## [GIVEN MATERIAL]

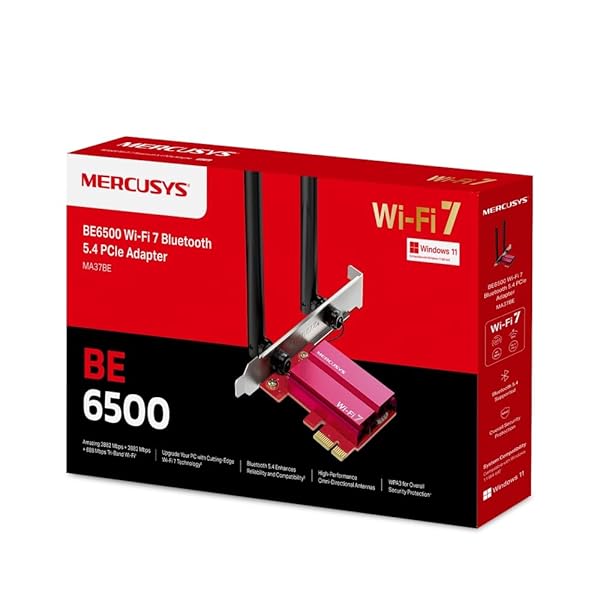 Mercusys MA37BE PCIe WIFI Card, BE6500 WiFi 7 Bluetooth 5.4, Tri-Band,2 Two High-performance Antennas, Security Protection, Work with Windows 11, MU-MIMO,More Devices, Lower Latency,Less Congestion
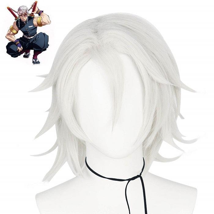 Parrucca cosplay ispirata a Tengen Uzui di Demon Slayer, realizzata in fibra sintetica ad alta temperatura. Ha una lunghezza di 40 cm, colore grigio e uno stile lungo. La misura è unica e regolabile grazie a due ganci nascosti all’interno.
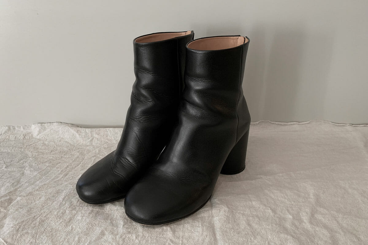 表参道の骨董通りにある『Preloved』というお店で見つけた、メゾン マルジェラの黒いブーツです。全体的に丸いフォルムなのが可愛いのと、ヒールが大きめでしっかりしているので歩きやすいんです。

## [TASK TO COMPLETE]
Every line of the listing above is to be set down verbatim, without the pictures.

## [OUTPUT OF THE TASK]
 Mercusys MA37BE PCIe WIFI Card, BE6500 WiFi 7 Bluetooth 5.4, Tri-Band,2 Two High-performance Antennas, Security Protection, Work with Windows 11, MU-MIMO,More Devices, Lower Latency,Less Congestion
 Parrucca cosplay ispirata a Tengen Uzui di Demon Slayer, realizzata in fibra sintetica ad alta temperatura. Ha una lunghezza di 40 cm, colore grigio e uno stile lungo. La misura è unica e regolabile grazie a due ganci nascosti all’interno.
 表参道の骨董通りにある『Preloved』というお店で見つけた、メゾン マルジェラの黒いブーツです。全体的に丸いフォルムなのが可愛いのと、ヒールが大きめでしっかりしているので歩きやすいんです。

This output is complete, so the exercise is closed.